A true-ish account of a battle with everybody’s favorite bad guys — the funeral industry — features Foxx vamping as a theatrical attorney who plays juries like a fiddle and Jurnee Smollett (“Spiderhead,” TV’s “Lovecraft Country”) as his just as Black, just as quick to play the race card foe in a Mississippi contract case that is all about “greed” and predatory business practices in an industry infamous for them.

Foxx is Willie Gary, wildly successful personal injury attorney from that Personal Injury Lawyer Mecca, Florida, a hustler with his eyes on the cash-money prize and an Evangelist’s way with juries — especially juries with lots of Black members.

Jones plays Jeremiah O’Keefe, a Mississippi funeral home and burial insurance business operator in trouble with state regulators (In Mississippi?) for having tried his hand at investments that left him undercapitalized to honor the policies on his books.

He needs to sell part of the business to a Canadian funeral home and burial insurance empire callously run by a bottom-line-boosting tycoon named Ray Loewen (Bill Camp). O’Keefe’s longtime lawyer (Alan Ruck) handles the negotiations, right up to the point where it’s obvious the Canadian will never sign the contract, as he’ll be able to wait out the elderly O’Keefe into bankruptcy and/or death.

A young second-chair attorney (Mamoudou Athie) suggests they sue, and hire this charismatic fellow from Florida to fight the case.
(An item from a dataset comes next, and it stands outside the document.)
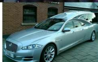
Our Silver fleet of Jaguars

112, Church Road, Yardley. B25 8UX (On Yew Tree Island) 0121 784 3230

Because the suit will be filed in a mostly-Black county in Mississippi, probably tried by a Black judge. And self-made Willie Gary — given to referring to himself in the third person — relates to being Black and coming up hard and poor,a and Black jurors relate to him.

All this is over the objections of O’Keefe’s “let’s settle” lead attorney and O’Keefe’s wife’s (the great character actress Pamela Reed) protest that “old men don’t file lawsuits.”

It’s the OJ/Johnnie Cochrine ’90s, and Gary is “introduced” to his new client via a “Lifestyles of the Rich & Famous” tape. Gary, in all his splendor, humors young Hal Dockins’ (Athie) pitch, as it’s not his area of specialty, and plainly small potatoes.

But there’s Big Money in Death, as we’ve heard Camp’s Loewen chuckling to O’Keefe about the impending demise of 30 million Baby Boomers. This guy’s a bad actor in an industry infamous for them. And he’s worth billions.

Foxx and Smollett have a meet-cute scene pre-trial, each character none-too-subtly suggesting that she or he is more Black and more “street.”

Foxx and Jones play off each other in grand style, the gruff, blunt and unemotional old legend reacting to the charismatic, brash and peacocking younger legend. Foxx makes Willie’s every cocky line crackle with fun.

“You see me fighting a bear? Poor honey on it!”

I got a big kick out of Dorian Missick’s performance as one of Willie’s partners, his second snarky voice in an argument, a hip hop hype man for the boss.

The screenplay by Doug Wright and director Maggie Betts has an “everything in America is about race” subtext, because it is. Even trying a case between two white men in Black Mississippi has that as a flashpoint — lots of flashpoints.

Betts, who did “Novitiate” and further back, “The Carrier,” keeps this all on the “feel good” end of the spectrum and lets Foxx do his thing and everybody else take a shot at stealing this picture from him, and good luck with that.

Yes, it’s fictionalized and yes, it’s got lawyers on one side and funeral tycoons on the other so it’s not easy to root for either.

But “The Burial” makes an entertaining story about standing up to legal mistreatment, sticking up for the Little Man and punching up at predators who never seem to run out of ways to misuse and overcharge the grieving at their most vulnerable.

Rating: R for profanity

Cast: Jamie Foxx, Tommy Lee Jones, Jurnee Smollett, Mamoudou Athie, Pamela Reed, Amanda Warren, Alan Ruck, Dorian Missick and Bill Camp.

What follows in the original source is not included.